■ **Work order**
The count of lines below that include the string "space" is the whole answer.

■ **Material supplied**
::::
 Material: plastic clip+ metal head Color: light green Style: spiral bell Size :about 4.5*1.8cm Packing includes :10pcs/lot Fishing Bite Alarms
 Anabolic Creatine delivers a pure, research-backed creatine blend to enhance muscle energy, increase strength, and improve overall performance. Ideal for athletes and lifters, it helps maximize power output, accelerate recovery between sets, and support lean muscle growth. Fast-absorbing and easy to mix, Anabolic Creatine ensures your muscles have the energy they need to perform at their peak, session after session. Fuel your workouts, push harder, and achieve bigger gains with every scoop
::::
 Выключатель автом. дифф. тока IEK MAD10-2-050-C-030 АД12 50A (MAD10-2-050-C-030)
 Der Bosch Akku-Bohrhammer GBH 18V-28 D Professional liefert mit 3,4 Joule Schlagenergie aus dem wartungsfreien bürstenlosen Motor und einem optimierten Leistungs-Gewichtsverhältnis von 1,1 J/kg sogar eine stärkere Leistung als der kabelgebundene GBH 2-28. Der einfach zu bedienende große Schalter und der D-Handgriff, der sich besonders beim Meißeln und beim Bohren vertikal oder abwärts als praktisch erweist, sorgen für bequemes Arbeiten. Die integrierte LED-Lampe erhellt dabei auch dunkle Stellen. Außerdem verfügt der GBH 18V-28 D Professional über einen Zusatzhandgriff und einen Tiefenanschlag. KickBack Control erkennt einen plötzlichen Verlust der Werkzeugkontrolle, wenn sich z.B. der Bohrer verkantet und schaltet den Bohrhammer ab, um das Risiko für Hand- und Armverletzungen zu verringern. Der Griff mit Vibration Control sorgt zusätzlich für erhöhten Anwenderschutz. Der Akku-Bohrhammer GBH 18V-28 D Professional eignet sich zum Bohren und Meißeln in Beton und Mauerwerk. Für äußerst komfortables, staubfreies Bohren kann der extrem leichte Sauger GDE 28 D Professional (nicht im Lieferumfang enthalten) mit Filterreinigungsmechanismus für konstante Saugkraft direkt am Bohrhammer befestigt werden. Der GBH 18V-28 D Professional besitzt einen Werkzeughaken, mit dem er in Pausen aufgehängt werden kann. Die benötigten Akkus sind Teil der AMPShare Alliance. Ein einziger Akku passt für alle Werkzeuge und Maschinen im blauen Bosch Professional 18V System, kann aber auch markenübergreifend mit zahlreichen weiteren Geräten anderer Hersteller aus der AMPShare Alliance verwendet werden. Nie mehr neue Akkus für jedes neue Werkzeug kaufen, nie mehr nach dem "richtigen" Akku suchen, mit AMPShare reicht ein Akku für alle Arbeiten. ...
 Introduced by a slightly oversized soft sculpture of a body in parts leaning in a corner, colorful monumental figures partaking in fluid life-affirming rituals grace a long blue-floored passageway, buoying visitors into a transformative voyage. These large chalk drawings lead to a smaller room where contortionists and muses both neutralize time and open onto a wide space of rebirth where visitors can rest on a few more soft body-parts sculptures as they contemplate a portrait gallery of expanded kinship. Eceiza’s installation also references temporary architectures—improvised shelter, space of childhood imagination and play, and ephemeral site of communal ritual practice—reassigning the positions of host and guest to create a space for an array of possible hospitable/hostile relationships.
::::
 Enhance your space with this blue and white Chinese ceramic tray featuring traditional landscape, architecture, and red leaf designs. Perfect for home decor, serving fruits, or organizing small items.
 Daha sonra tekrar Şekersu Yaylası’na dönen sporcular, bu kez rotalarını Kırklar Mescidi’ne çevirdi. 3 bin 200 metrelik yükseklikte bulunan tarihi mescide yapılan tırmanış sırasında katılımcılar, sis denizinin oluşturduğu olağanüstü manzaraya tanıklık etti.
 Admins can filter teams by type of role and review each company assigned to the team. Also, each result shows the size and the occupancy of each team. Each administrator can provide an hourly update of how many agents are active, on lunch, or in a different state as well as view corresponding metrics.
::::
■ **Task result**
2